In all-or-abort mode (the default), a failed chunk stops the entire delivery. The remaining chunks are never sent. This is the safest choice because users see either the full response or nothing, never a confusing partial message. In best-effort mode, each chunk is sent independently. If chunk 2 of 5 fails, chunks 3, 4, and 5 are still delivered. The failed chunk is logged and reported via the delivery:complete event, but delivery continues. Failed chunks are marked as terminal in the delivery queue and are not retried later.

Best-effort mode is not the default. If you want partial delivery, enable it explicitly in your streaming configuration.

Stopping delivery

The /stop command cancels both the agent’s thinking and any in-flight message delivery. When a user sends /stop:

The agent execution is aborted (the LLM stops generating)
Any blocks waiting for pacing delays are cancelled immediately
The current chunk (if mid-send) completes naturally — Comis never interrupts a platform API call in progress
Remaining unsent chunks are skipped entirely

This means /stop is responsive even during long deliveries with pacing delays between blocks. There is no waiting for the next block timer to expire.

What happens to the delivery queue

Comis uses abort-is-clean semantics. When delivery is cancelled:

Chunks already delivered to the platform remain delivered (cannot be recalled)
Chunks that were queued but not yet sent are acknowledged in the delivery queue with an abort marker — they are not retried later
No orphaned entries remain in the queue after a /stop

The delivery:aborted event fires with the abort reason and a count of how many chunks were delivered before cancellation.

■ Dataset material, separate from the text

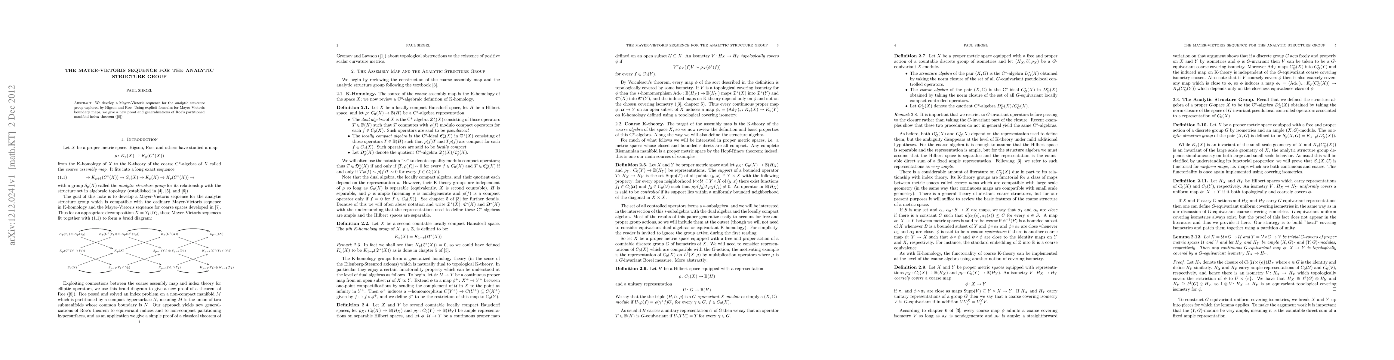 The paper develops a Mayer-Vietoris sequence for the analytic structure group, providing explicit boundary maps and new proofs and generalizations of Roe's partitioned manifold index theorem.
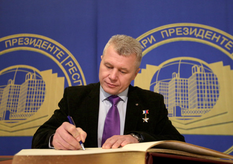 У час сустрэчы касманаўт адказаў на пытанні студэнтаў і распісаўся ў Кнізе ганаровых гасцей Акадэміі кіравання пры Прэзідэнце.

The retry engine also respects the abort signal. If a retry sleep is in progress when /stop fires, the sleep resolves immediately rather than waiting for the full backoff period.

Markdown rendering

Agent responses are written in Markdown. Comis automatically converts them to each platform’s native format before sending:

Platform	Format	What is preserved
Discord	Markdown	Bold, italic, code blocks, links, lists, headers, spoilers
Telegram	HTML	Bold, italic, underline, strikethrough, code blocks, links, blockquotes, spoilers
Slack	mrkdwn	Bold, italic, strikethrough, code blocks, links, lists
WhatsApp	Plain text	Formatting stripped (WhatsApp does not support bot formatting)
Signal	Signal text styles	Bold, italic, monospace, strikethrough, spoiler
iMessage	Plain text	Formatting stripped
LINE	Flex Messages	Rich layout via Flex; otherwise plain text
IRC	IRC control codes	Bold, italic, color, strikethrough
Email	HTML	Full HTML output with linkified URLs

Delivery hooks

Comis supports two delivery lifecycle hooks that plugins can register to intercept or observe outbound messages. These hooks run as part of the delivery pipeline — before the message is formatted and sent, and after delivery completes.

Hook lifecycle

Every outbound message passes through the hooks in this order:

Agent response --> before_delivery hook --> Format --> Chunk --> Send --> after_delivery hook

before_delivery (modifying) — Fires before each outbound message is formatted and sent. Your handler receives the raw text and can modify it or cancel delivery entirely. Handlers run sequentially in priority order (higher priority first), and results are merged using last-writer-wins for each field. after_delivery (void) — Fires after delivery completes, whether it succeeded or failed. Handlers run in parallel, fire-and-forget. Errors in after_delivery hooks are caught and logged without affecting the response.

Cancelling delivery

If a before_delivery handler returns { cancel: true }, the message is not sent. A delivery:hook_cancelled event is emitted so observability subscribers can track cancellations. The cancellation reason (if provided) is included in the event and logged at INFO level.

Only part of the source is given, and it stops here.